_What the task requires_
Although the records contain pictures, none belong in the copy: restate word for word only the lines from the one with "Anuncio de Ahorre" through the one with "为期两天的亚太经济合作组织(APEC)贸", both included.

_The data_
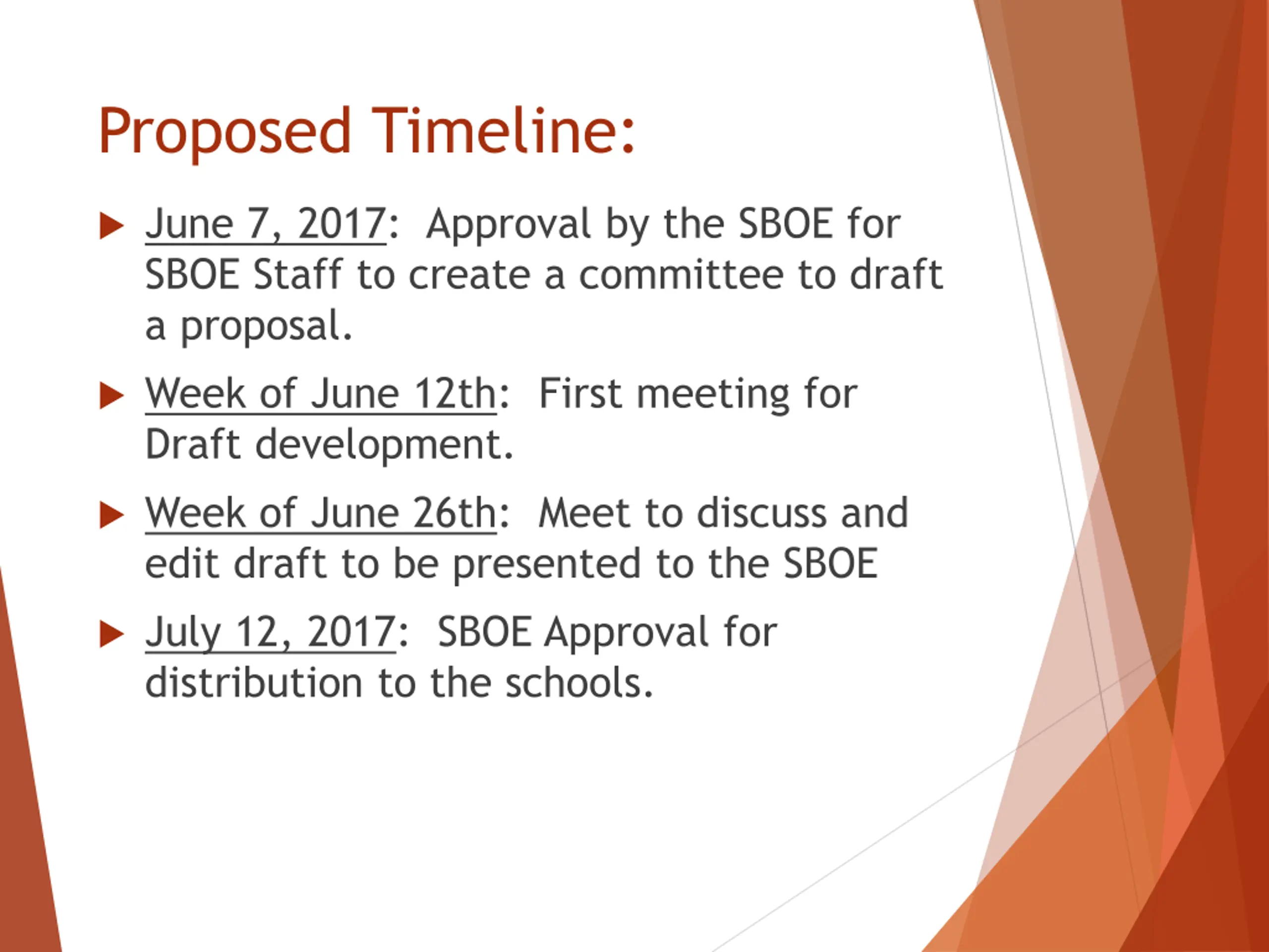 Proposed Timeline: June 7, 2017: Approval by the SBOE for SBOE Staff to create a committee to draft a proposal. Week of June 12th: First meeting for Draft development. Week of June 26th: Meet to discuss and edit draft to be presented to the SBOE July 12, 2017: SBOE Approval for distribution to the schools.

* * *

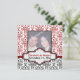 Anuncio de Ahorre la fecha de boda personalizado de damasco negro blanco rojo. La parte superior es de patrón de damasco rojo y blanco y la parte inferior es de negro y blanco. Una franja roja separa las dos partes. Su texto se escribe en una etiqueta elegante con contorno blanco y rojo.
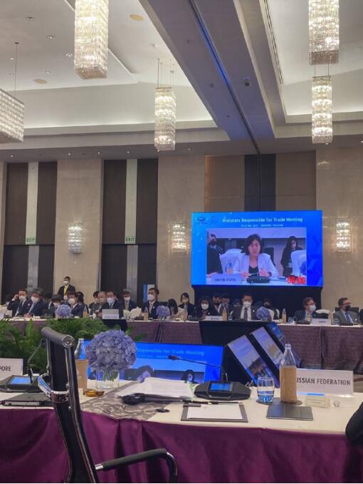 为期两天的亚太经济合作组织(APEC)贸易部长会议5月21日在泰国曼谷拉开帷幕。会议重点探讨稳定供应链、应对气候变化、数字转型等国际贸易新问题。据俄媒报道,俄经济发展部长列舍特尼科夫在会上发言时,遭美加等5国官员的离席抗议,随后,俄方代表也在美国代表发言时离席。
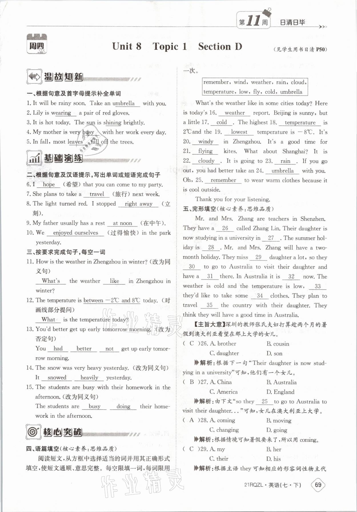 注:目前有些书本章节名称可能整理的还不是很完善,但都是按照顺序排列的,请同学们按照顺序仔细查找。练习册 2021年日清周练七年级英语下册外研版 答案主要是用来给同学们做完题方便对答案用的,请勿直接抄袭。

--

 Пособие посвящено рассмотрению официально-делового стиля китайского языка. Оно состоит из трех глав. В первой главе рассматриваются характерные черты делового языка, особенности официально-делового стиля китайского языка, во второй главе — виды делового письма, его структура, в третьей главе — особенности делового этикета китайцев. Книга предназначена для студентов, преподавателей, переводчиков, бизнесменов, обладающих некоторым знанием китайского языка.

_Completed exercise_
 Anuncio de Ahorre la fecha de boda personalizado de damasco negro blanco rojo. La parte superior es de patrón de damasco rojo y blanco y la parte inferior es de negro y blanco. Una franja roja separa las dos partes. Su texto se escribe en una etiqueta elegante con contorno blanco y rojo.
 为期两天的亚太经济合作组织(APEC)贸易部长会议5月21日在泰国曼谷拉开帷幕。会议重点探讨稳定供应链、应对气候变化、数字转型等国际贸易新问题。据俄媒报道,俄经济发展部长列舍特尼科夫在会上发言时,遭美加等5国官员的离席抗议,随后,俄方代表也在美国代表发言时离席。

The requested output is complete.